Dive Brief:
- Competitive "winner-takes-all" pay is the most effective means to spur the creativity that helps fuel economic growth, according to research from the University of California San Diego (UCSD) and Thermo Fisher Scientific.
- UCSD professors partnered with the biotech company in developing a contest asking participants to design digital solutions to help share medical equipment among the region's small healthcare clinics. Contestants were selected to compete in either the "winner-takes-all" category, in which there was one prize of $15,000 awarded to first place, or the "top 10" category, in which the same amount of prize money was spread out among the top 10 entries.
- "Participants under the winner-takes-all compensation scheme submitted proposals that were significantly more novel," according to paper's authors.
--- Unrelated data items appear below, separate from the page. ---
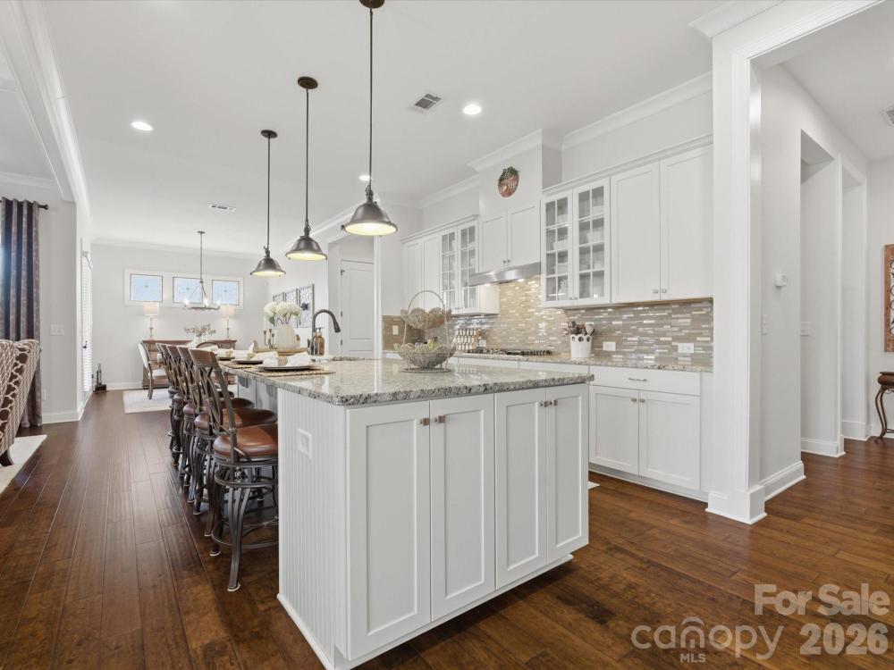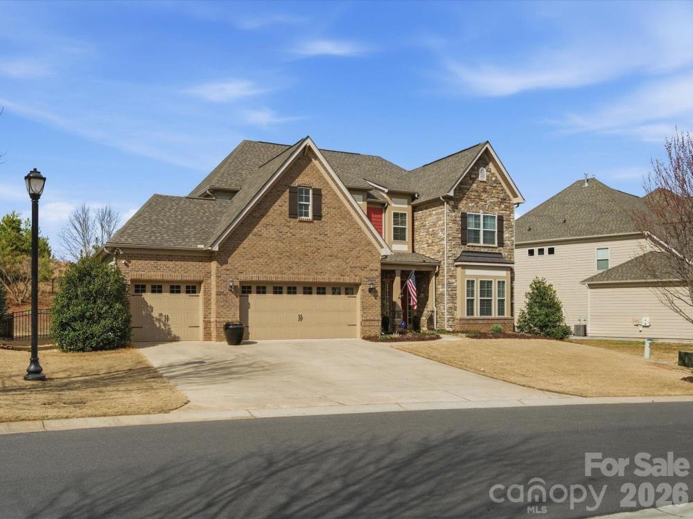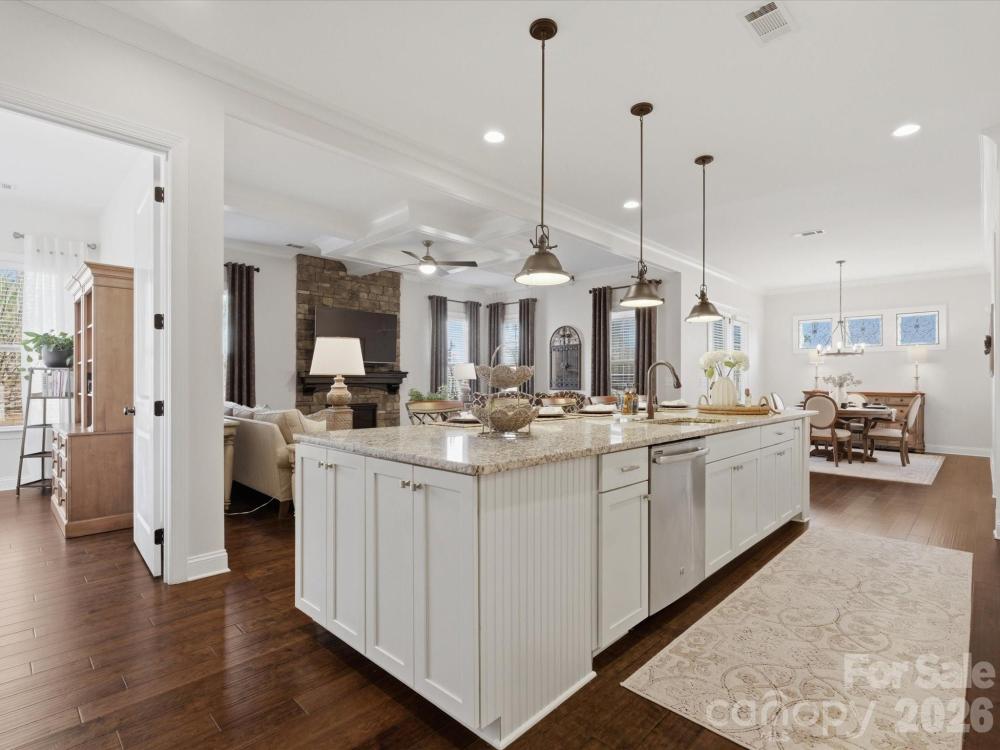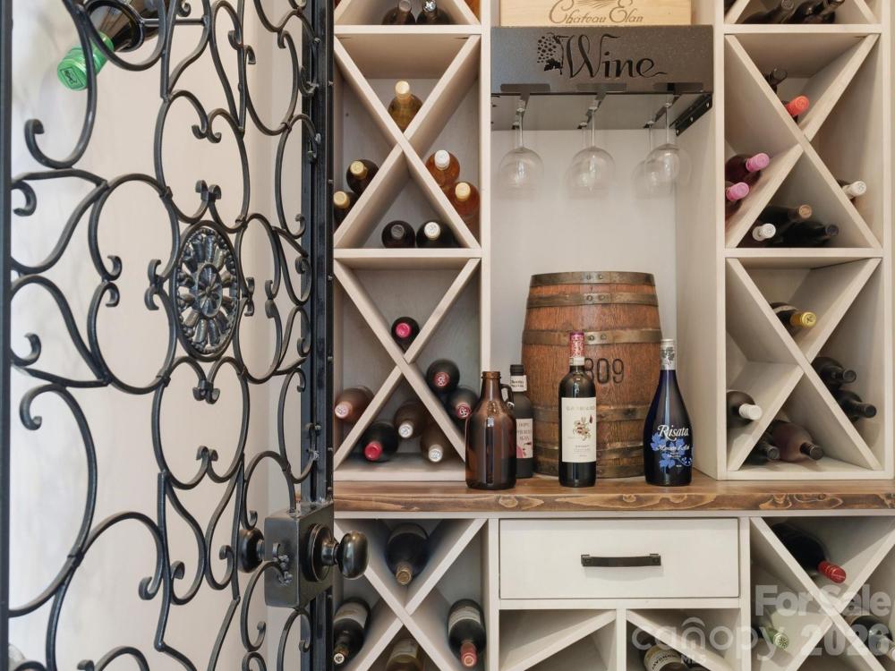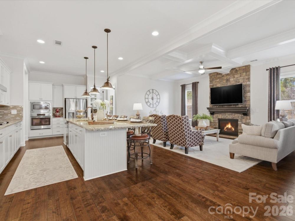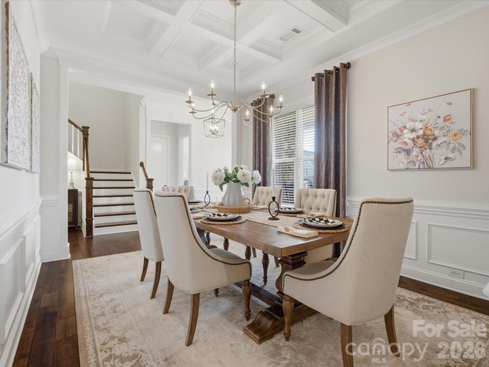 Welcome to this beautifully designed two-story home offering a spacious and functional layout with custom upgrades throughout. The main level features a welcoming foyer, a formal dining room with a coffered ceiling, and a large great room with a coffered ceiling and stone fireplace with a wooden mantel. The kitchen is designed for both everyday living and entertaining, highlighted by a 13-foot island with outlets, crown molding, and a large walk-in pantry with custom shelving. The adjoining breakfast area features custom iron window accents and opens to a bright 3-season sunroom, creating a comfortable space to relax. A flex room with a shiplap accent wall provides the perfect office or additional living space, while a main-floor bedroom adds convenience for guests. The home also features a custom wine room and access to the outdoor patio, ideal for entertaining. Upstairs, the spacious primary suite includes hardwood floors and custom closets. Two additional bedrooms and a large loft provide flexible living space, with the loft featuring custom cabinetry, a refrigerator, and surround sound—perfect for a media or recreation area. The outdoor space is just as inviting, with in-ground sprinklers, outdoor lighting, a large patio with a wood-burning fire pit, and a fenced backyard. Additional storage is available with overhead garage shelving. With thoughtful design, custom architectural details, and great indoor and outdoor living spaces, this home offers comfort, functionality, and style.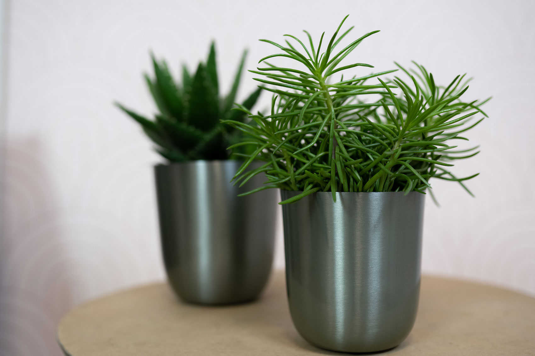 Série Mayk nabízí sedm velikostí stohovatelných obalů z krásného lesklého kovu ve třech barvách - olověná, měděná a zlatá. Nově i zelená a zářivé vlnění pestrých barev Vibes.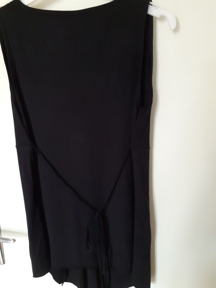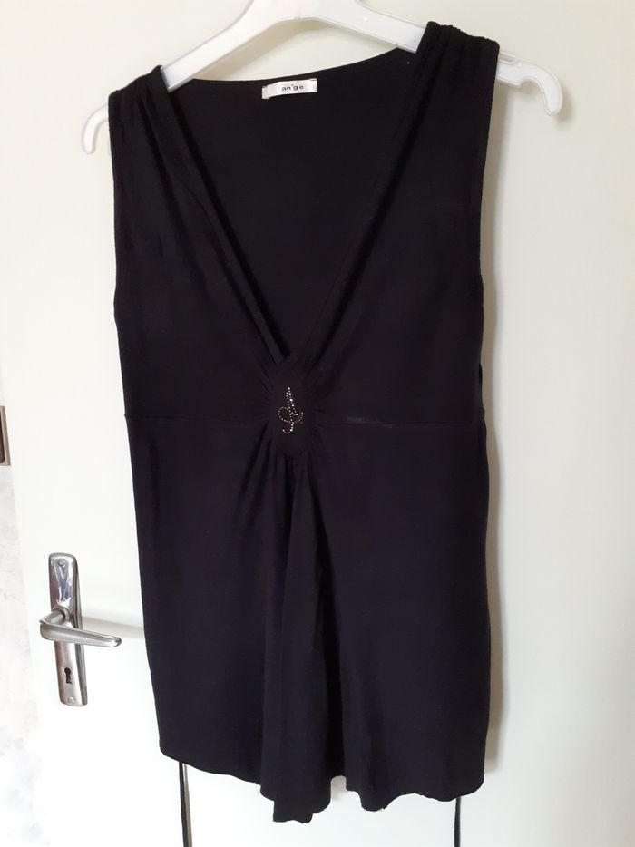 Vends une tunique de grossesse sans manche 96%viscose 4% elasthanne couleur noire marque Ange taille 1. Longueur dans le dos : 60 cm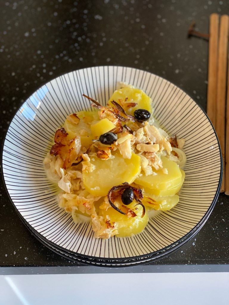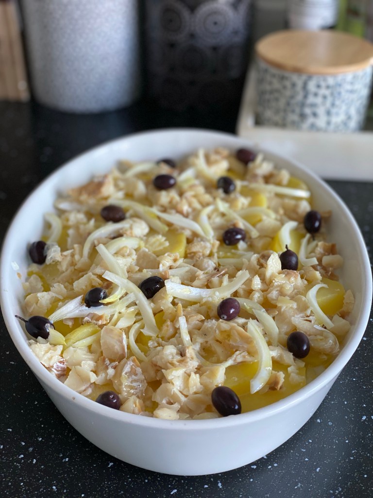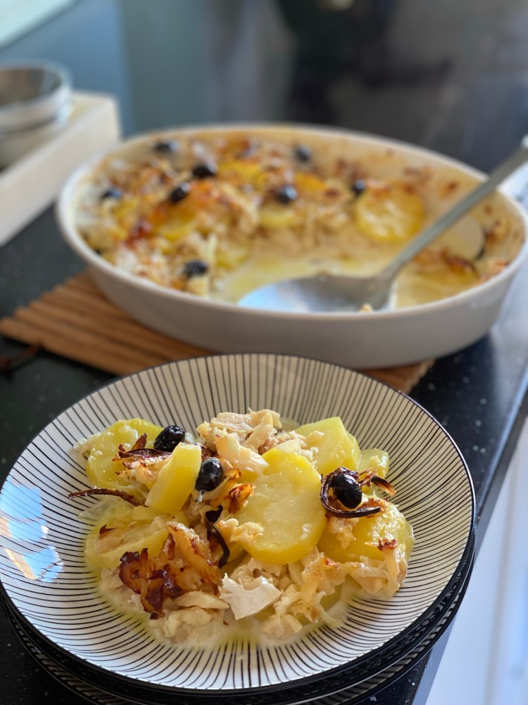 Après notre séjour à Lisbonne, j’ai eu envie de refaire l’un des plats qui nous avez tant plu lors de notre balade dans le quartier de l’Alfama. J’ai donc trouvé de la morue séchée et chercher comment la préparer au four. Avec quelques ajustements, j’ai enfin retrouvé le plat que je voulais reproduire.
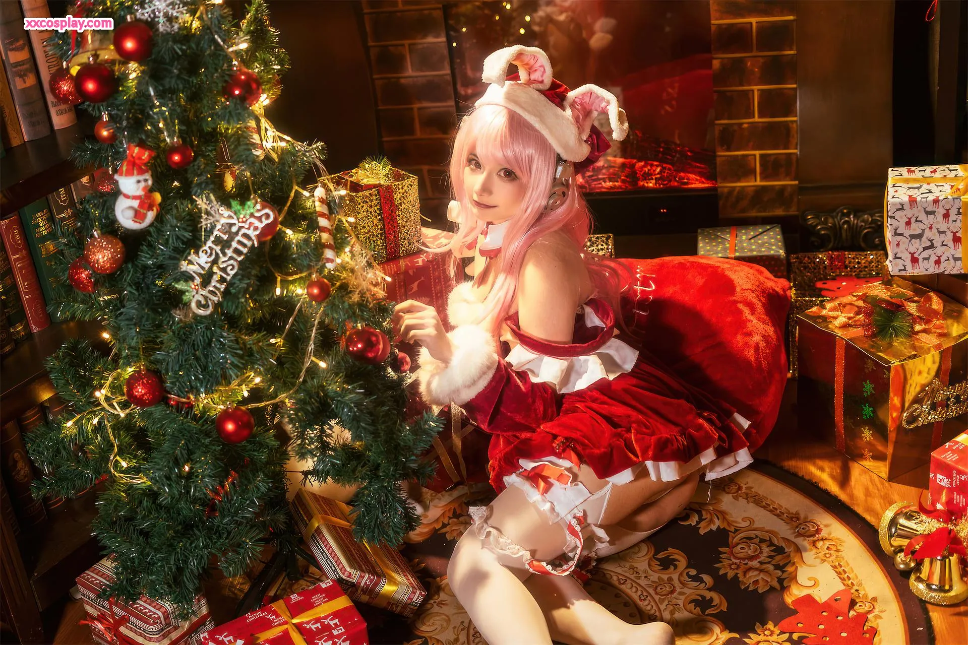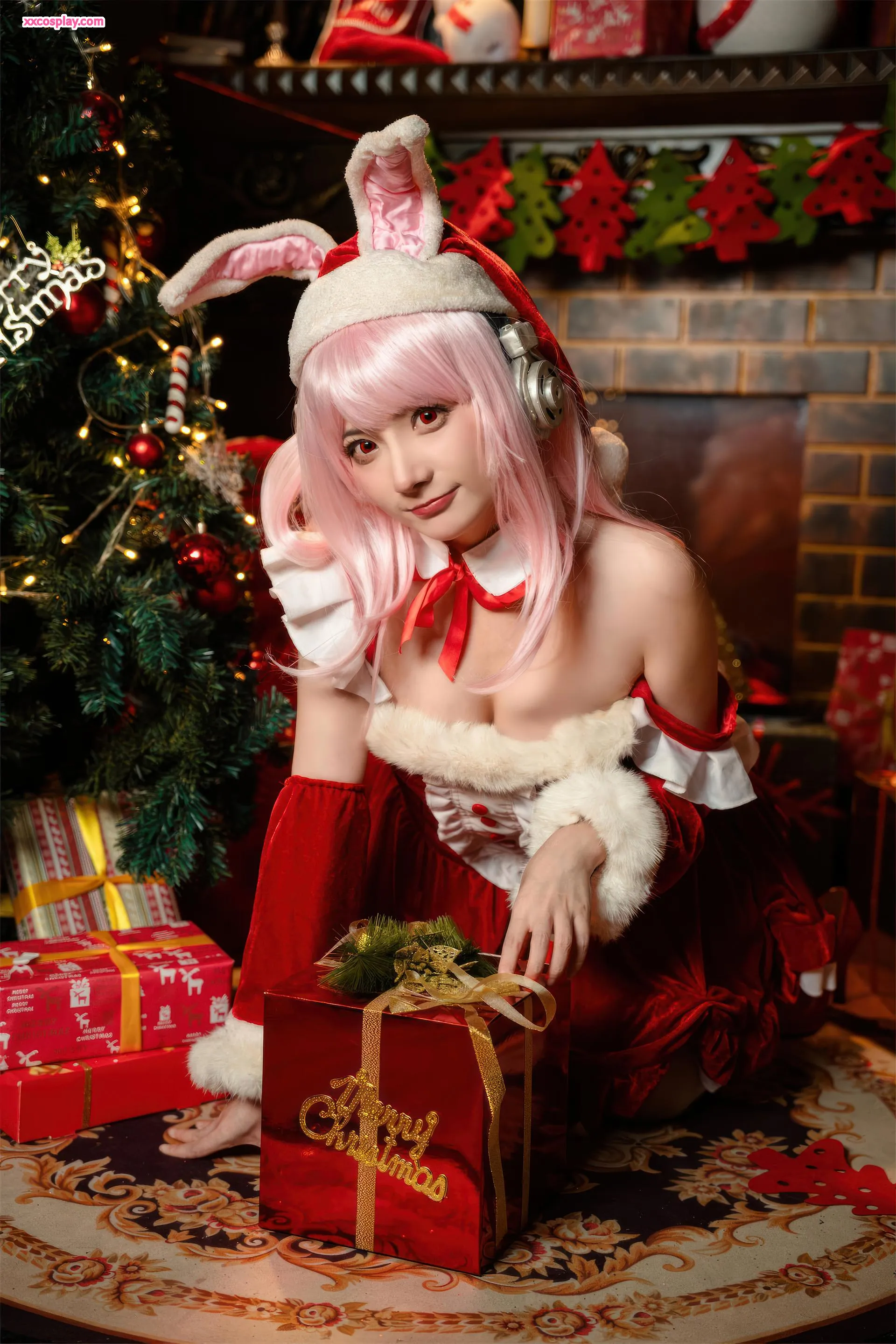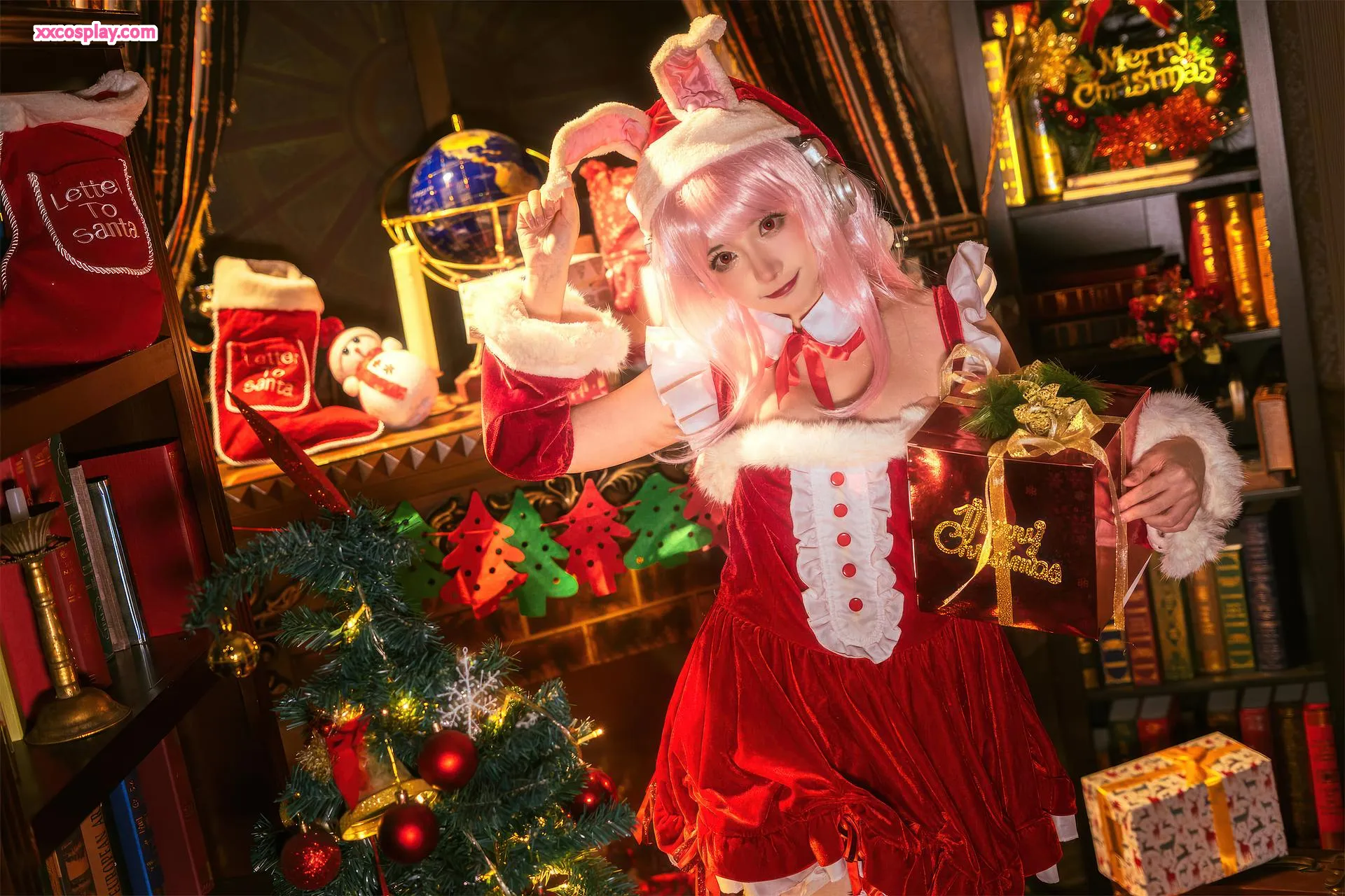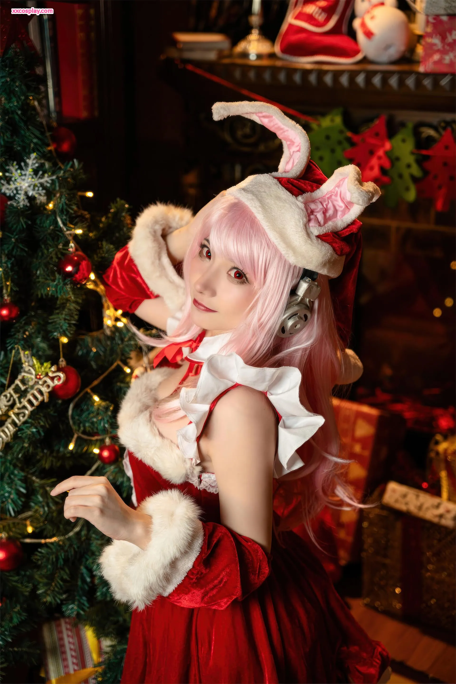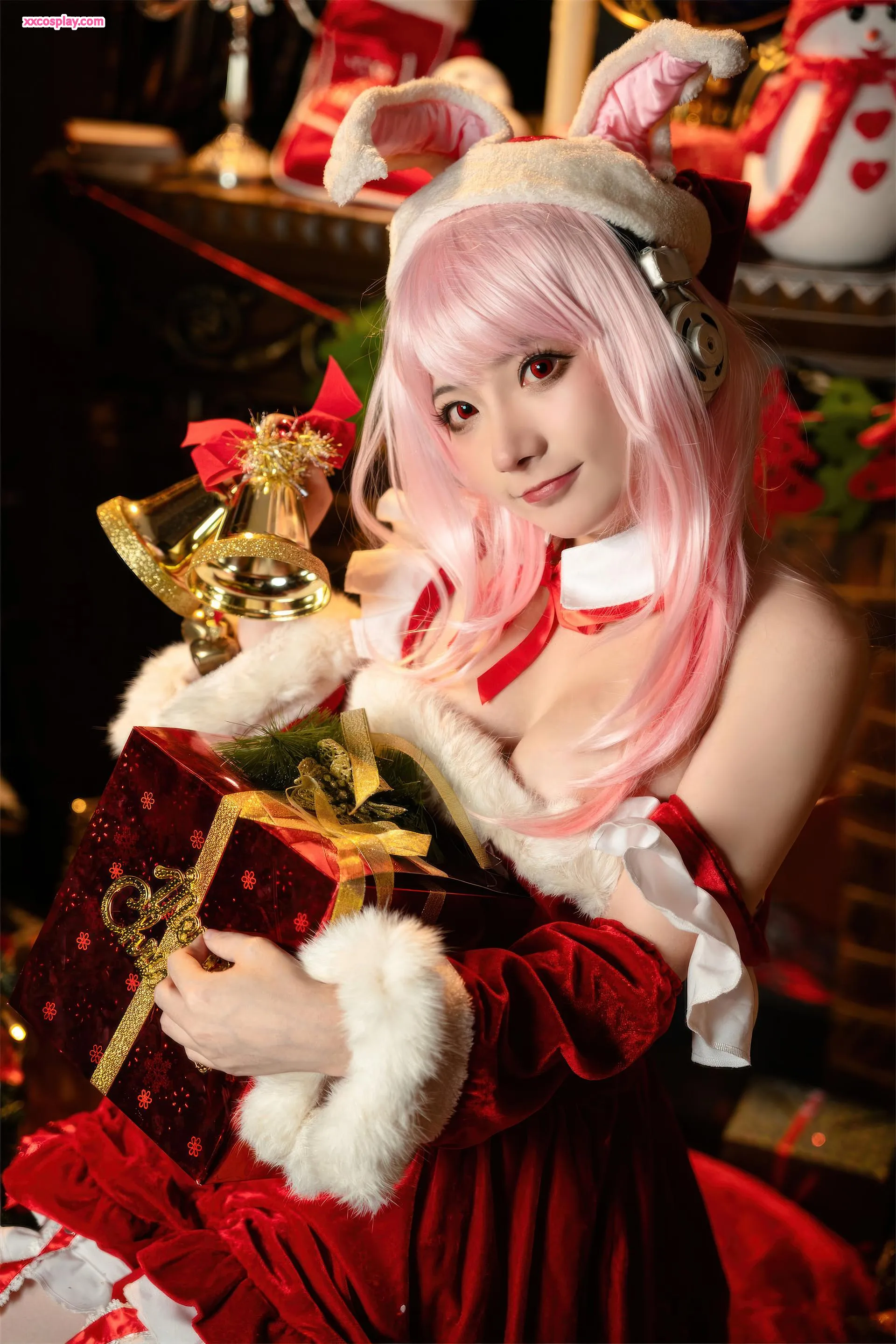 Shisanbushishi W sebagai Super Sonico: Santa Kelinci Natal 是三不是世w Super Sonico Christmas Santa Cosplay

Both pay models produced the same number of submissions, researchers said, indicating that having less of a chance of winning a monetary award did not have an impact on the amount of work produced.
Dive Insight:
The findings are "significant because the 21st-century economy is one that prizes novelty. Firms view it as an important source of comparative advantage," the UCSD researchers said. "It is also an essential ingredient in the development of technological breakthroughs that transform markets with major impacts to consumers and producers."
Creativity was the most in-demand soft skill for applicants last year, and it is continuing to make a strong showing into 2020, according to a Jan. 9 LinkedIn Learning report. "Organizations need people who can creatively approach problems and tasks across all business roles, from software engineering to HR," the company said.
Employers are examining ways to encourage innovation. Assuming that creativity can be taught, PepsiCo, and its philanthropic arm, the International Youth Foundation, last month launched an online, "gender-smart" course aimed at teaching students "work readiness skills" which include creative thinking.
Other employers allow employees to spend a day working on anything they want. Google has experimented with this idea, giving employees a set amount of work time to devote to passion projects, training and more. 3M has had a program in place for decades — the 15% Culture — which encourages employees to set aside a portion of their work time to proactively cultivate and pursue innovative ideas that excite them, the company's people and culture marketing and communications manager previously told HR Dive via email.